=== Begin Enclosure ===

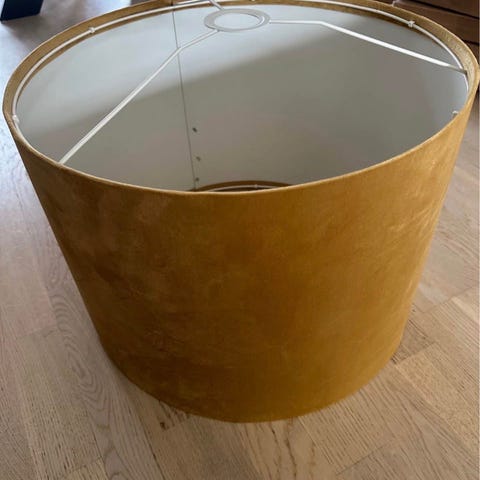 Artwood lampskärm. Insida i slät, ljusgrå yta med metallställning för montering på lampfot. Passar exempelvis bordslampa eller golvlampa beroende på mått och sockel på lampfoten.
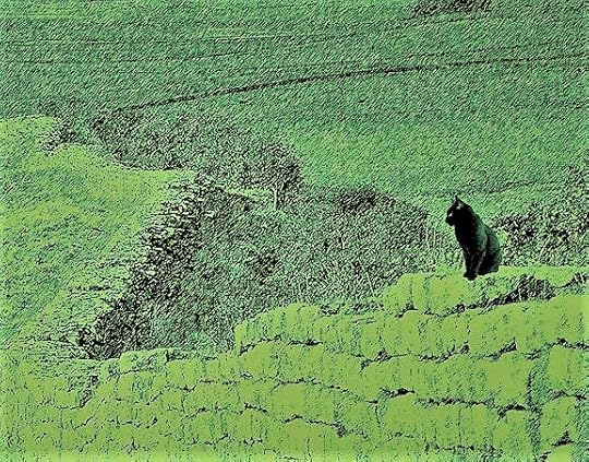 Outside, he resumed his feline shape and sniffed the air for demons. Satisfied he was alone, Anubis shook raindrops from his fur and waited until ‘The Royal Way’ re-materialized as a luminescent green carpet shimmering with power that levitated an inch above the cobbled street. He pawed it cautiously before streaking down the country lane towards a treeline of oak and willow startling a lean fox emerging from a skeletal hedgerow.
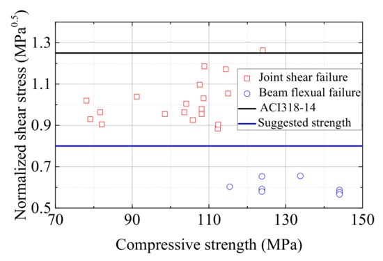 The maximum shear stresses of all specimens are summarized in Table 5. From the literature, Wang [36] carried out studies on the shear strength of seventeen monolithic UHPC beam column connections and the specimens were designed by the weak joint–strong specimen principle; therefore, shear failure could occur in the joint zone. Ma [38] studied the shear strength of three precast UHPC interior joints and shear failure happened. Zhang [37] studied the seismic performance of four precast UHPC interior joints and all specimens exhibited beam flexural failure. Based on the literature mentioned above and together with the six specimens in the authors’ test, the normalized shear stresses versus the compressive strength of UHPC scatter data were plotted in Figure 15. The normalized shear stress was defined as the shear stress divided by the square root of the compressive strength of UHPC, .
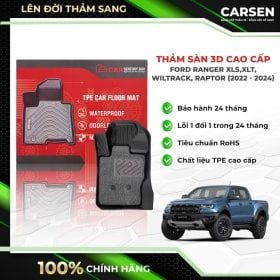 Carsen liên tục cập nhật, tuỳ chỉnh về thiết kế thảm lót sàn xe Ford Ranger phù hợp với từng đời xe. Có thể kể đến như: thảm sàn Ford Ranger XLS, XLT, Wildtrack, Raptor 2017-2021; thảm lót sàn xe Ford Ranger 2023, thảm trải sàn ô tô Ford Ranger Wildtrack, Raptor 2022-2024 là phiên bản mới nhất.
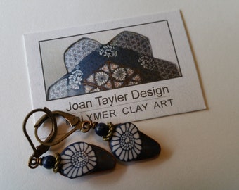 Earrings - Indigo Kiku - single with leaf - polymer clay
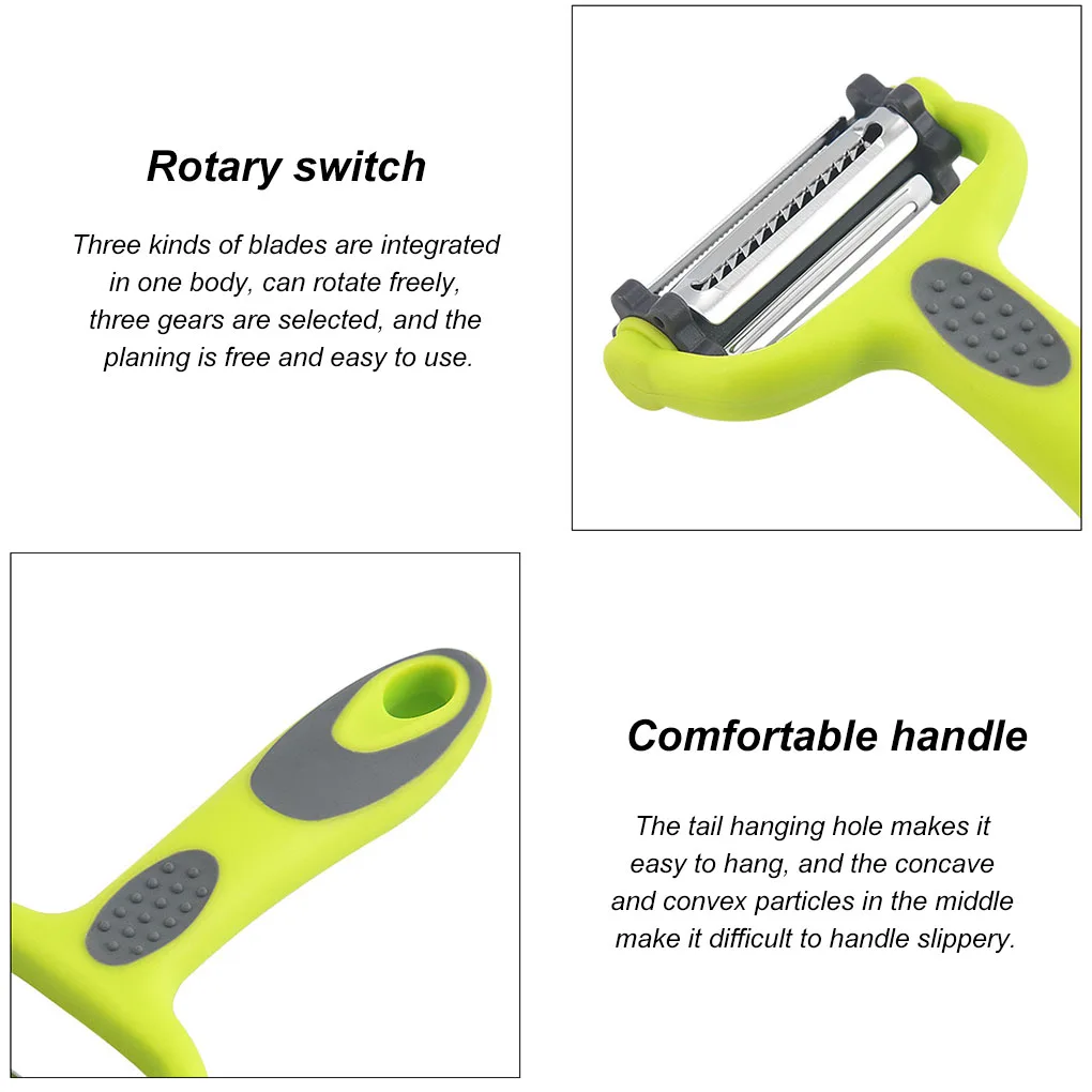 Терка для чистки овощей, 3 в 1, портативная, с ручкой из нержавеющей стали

=== End Enclosure ===

Write out exactly the lines from the line containing "Earrings - Indigo" through the last line of the listing above, please, and leave out any pictures.

 Earrings - Indigo Kiku - single with leaf - polymer clay
 Терка для чистки овощей, 3 в 1, портативная, с ручкой из нержавеющей стали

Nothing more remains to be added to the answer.